TCP/IP 5-layer model (we’ll also touch on 7-layer OSI)
Copper twisted-pair: most common are Cat5, Cat5e, Cat6 - affects length / transfer rate, resistance to interference
Crosstalk: when an electrical pulse on one wire accidentally detected on the other wire
Fiber optic: longer distance than copper, not affected by interference, much more fragile
Hubs and switches are used on a single network (LAN). Router: a device that knows how to forward data between independent networks
Router is a Layer 3 (network layer) device. Router inspects IP data to determine where to send things.
(Routing tables?)
Home / office routers - forward traffic from home to ISP. There a more sophisticated router takes over.
Core ISP routers deal with complexity in deciding where to send traffic.
Routers communicate with BGP (Border Gateway Protocol) - informs about optimal paths to transfer traffic
(Aside: network engineer designs a network?)
Modulation - the way of varying the voltage of charge across charge. Aka line coding. Representing 1s and 0s.
Twisted pair cable: cat6 has 8 wires (4 twisted pairs). How many are in use? depends on transmission technology.
Allows for duplex communication: information can flow in both directions across the cable (in contrast with simplex)
1 or 2 pairs reserved for communicating in each direction
RJ45 plug / port: exposes the internal wires
RJ45 port LEDs:
Network connectors in walls usually end in patch panel: container for endpoints of many runs of cable. Cables then run from patch panel to a switch
Frames
Ethernet 1980, standardized 1983. A few changes since then for increasing bandwidth needs, but pretty much as it was then. Back then, switches hadn’t been invented yet. All devices shared a single collision domain (network segment where only one device can send data at a time). Ethernet solved this with carrier sense multiple access with collision detection (CSMA/CD): if no data currently being sent, node will feel free to send data. If both try and send data, they’ll detect and stop. Both wait a random time and then try again.
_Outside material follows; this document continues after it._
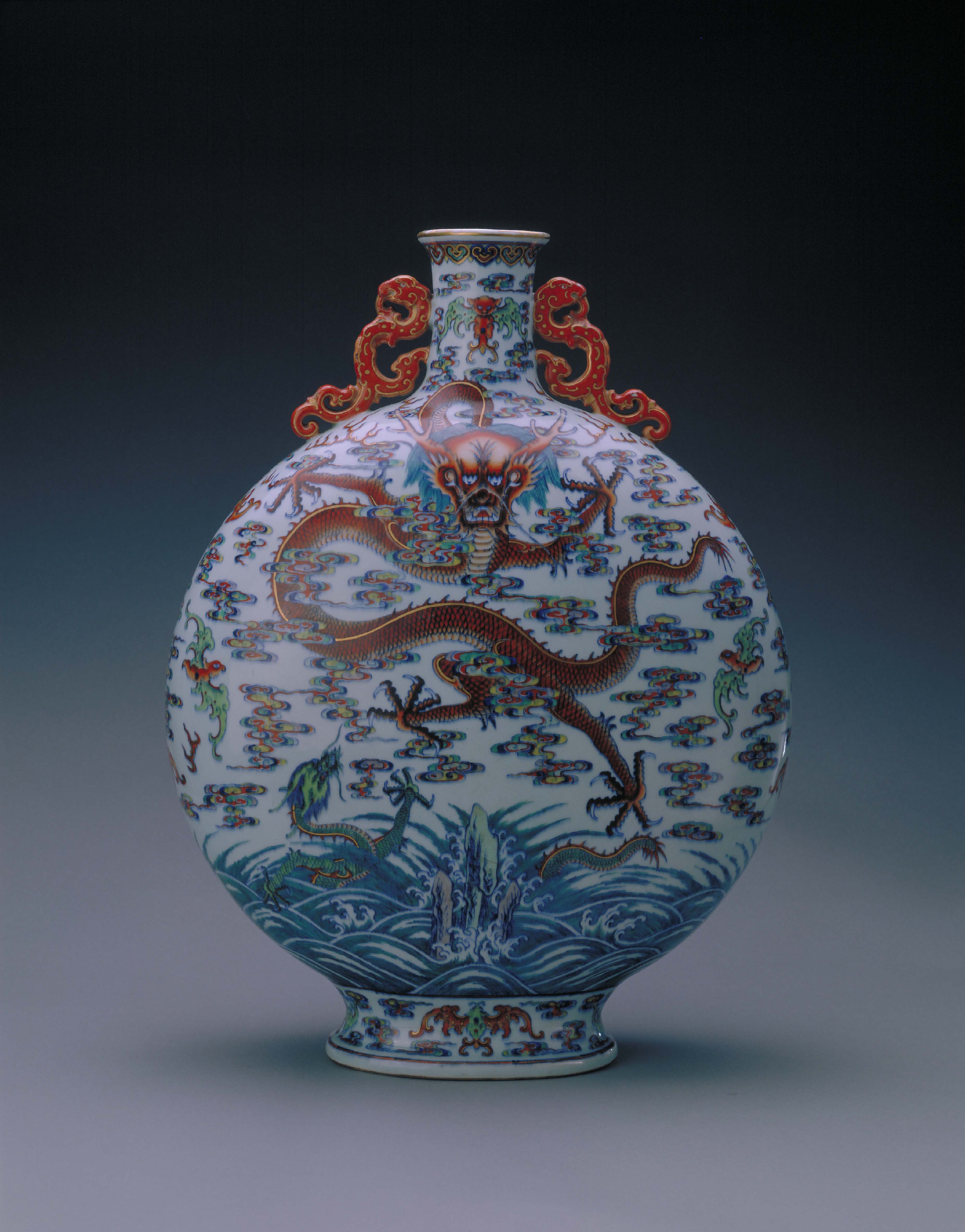 Porcelain moon flask with dragons among clouds and bats above rocks and waves. This flask is decorated with underglaze blue and overglaze enamels and gilding. It is a fine example of a decorative piece as part of a pair for use in palace rooms. © Liu Zhigang

On a collision domain, all nodes receive all signals. We need a way of identifying who data was intended for. Hence MAC address (globally unique ID atached to an individual network interface). 48-bit (6 groupings of 2 hex numbers). Or an octet. Any number that can be represented in 256 bits (2 hex digits).
How are MAC addresses globally unique?
data packet: all encompassing term for any single set of binary data being sent across a network link (not tied to layer or technology - concept)
At Ethernet level they’re known as frames. Highly structured collection of information presented in specific order.
MAC addresses are not a good way of addressing computers on different networks - they have no useful organisation and tell us nothing about a physical location. We need something else.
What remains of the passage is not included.